__Task__:
Leaving out the pictures, please reproduce exactly and only the lines from the one that contains "Mit der Würth" through the last line below.

__Recorded data__:
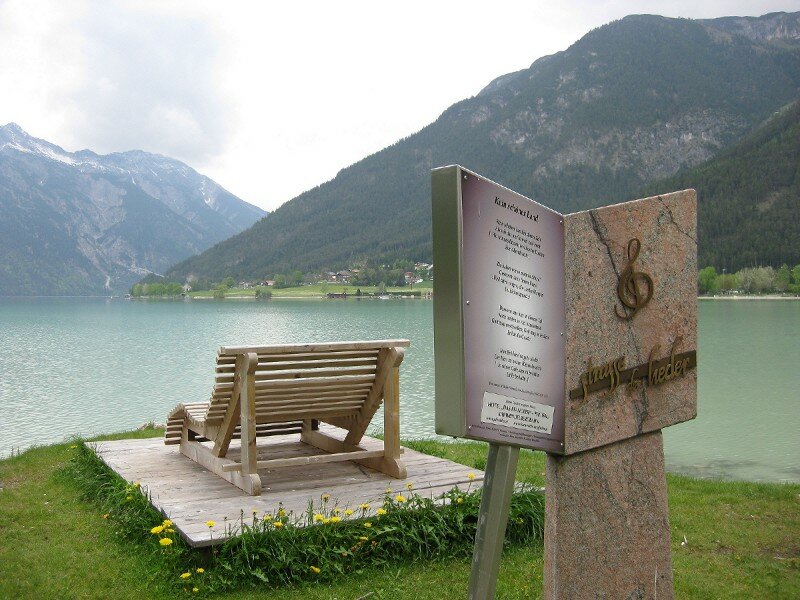 Qui inizia anche il percorso tematico “Strada delle Canzoni” (Strasse der Lieder) che ci porta direttamente lungo la riva del Lago Achensee ed è percorribile anche per sedie a rotelle e passeggini. Abbiamo appena lasciato dietro di noi la prima stazione di in tutto 12 stazioni che si trovano sparse sul percorso di 2 km, quando sentiamo rumori e fischi. Il Trenino Achenseebahn si avvicina e siamo stupiti della sua grandezza, ovvero, da quanto è piccolo! Il bigliettaio sorride e ci saluta cortesemente. Proseguiamo il nostro cammino lungo la “Strada delle Canzoni” fino a giungere all’approdo navale a Buchau. E proprio qui termina il percorso tematico ed abbiamo quindi superato la prima parte della nostra escursione.
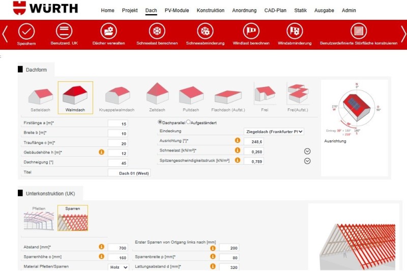 Mit der Würth Solar Befestigungssoftware gelingt die Planung schnell, intuitiv und zuverlässig – auf Basis aktueller Normen, technischer Regelwerke und bewährter Würth Produkte.
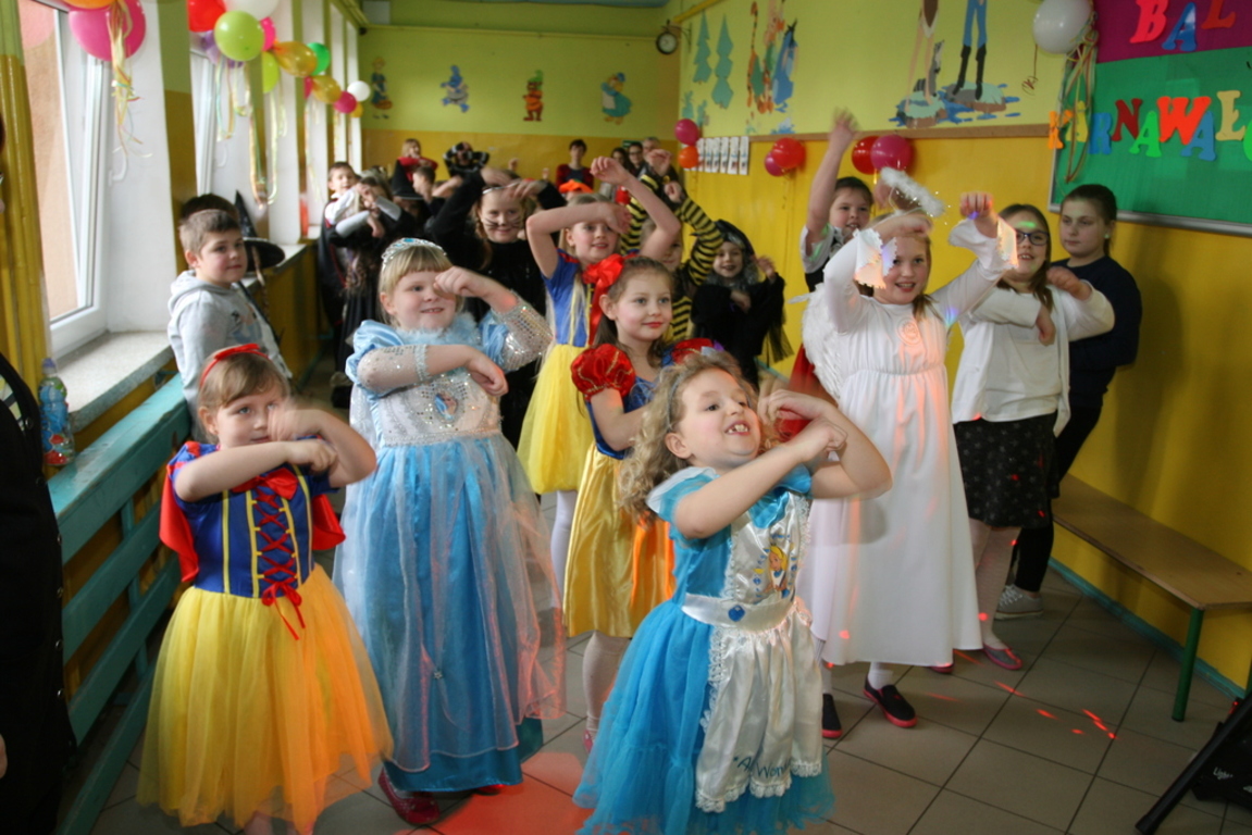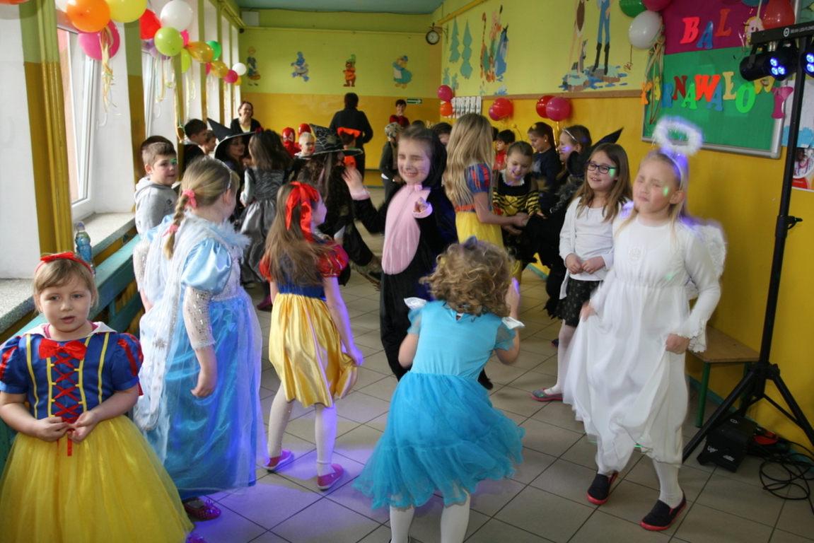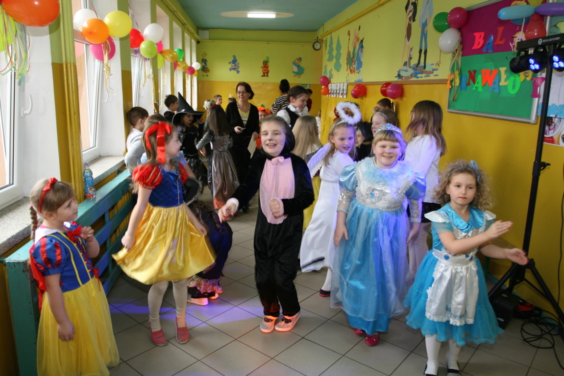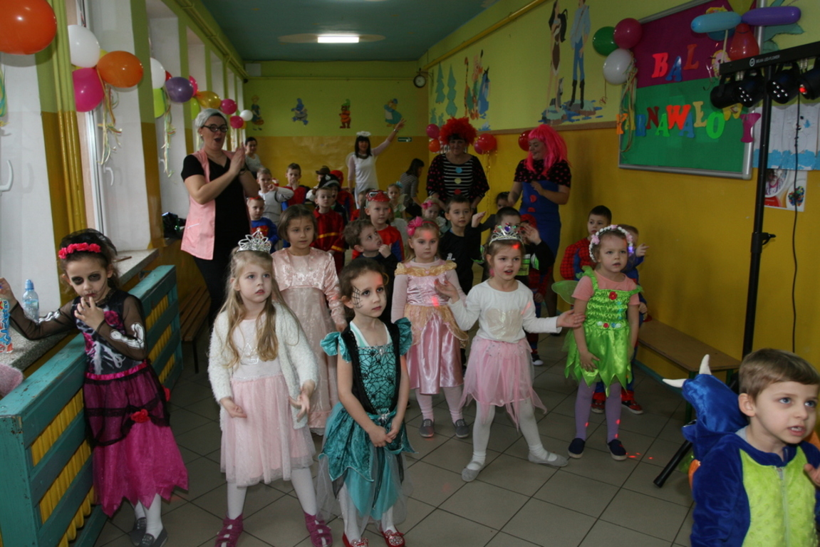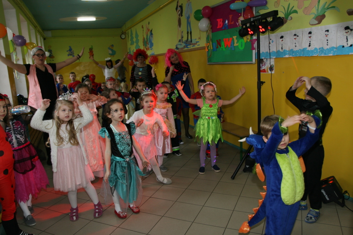 Na pięknie udekorowanej sali pojawiły się kolorowe postaci. Dzieci przebrane były za bohaterów znanych bajek, można było zobaczyć: wróżki, królewny,biedronki, księżniczki, rycerzy, piratów, policjantów,żołnierzy,Żówie Ninja, Batmany, …nie sposób zliczyć i wymienić tych wszystkich postaci. Na sali podczas pląsów było bardzo kolorowo, wszyscy bawili się wesoło, uśmiech nie znikał z twarzy mimo chwilowego zmęczenia. Kiedy czas zabawy dobiegł końca dzieci z żalem opuszczały aulę. Bal umożliwił dzieciom i wychowawcom spędzenie czasu w miłej atmosferze. Wspólna zabawa przyniosła wiele radości naszym wychowankom, a to było głównym celem tego balu.

__Reply to the exercise__:
 Mit der Würth Solar Befestigungssoftware gelingt die Planung schnell, intuitiv und zuverlässig – auf Basis aktueller Normen, technischer Regelwerke und bewährter Würth Produkte.
 Na pięknie udekorowanej sali pojawiły się kolorowe postaci. Dzieci przebrane były za bohaterów znanych bajek, można było zobaczyć: wróżki, królewny,biedronki, księżniczki, rycerzy, piratów, policjantów,żołnierzy,Żówie Ninja, Batmany, …nie sposób zliczyć i wymienić tych wszystkich postaci. Na sali podczas pląsów było bardzo kolorowo, wszyscy bawili się wesoło, uśmiech nie znikał z twarzy mimo chwilowego zmęczenia. Kiedy czas zabawy dobiegł końca dzieci z żalem opuszczały aulę. Bal umożliwił dzieciom i wychowawcom spędzenie czasu w miłej atmosferze. Wspólna zabawa przyniosła wiele radości naszym wychowankom, a to było głównym celem tego balu.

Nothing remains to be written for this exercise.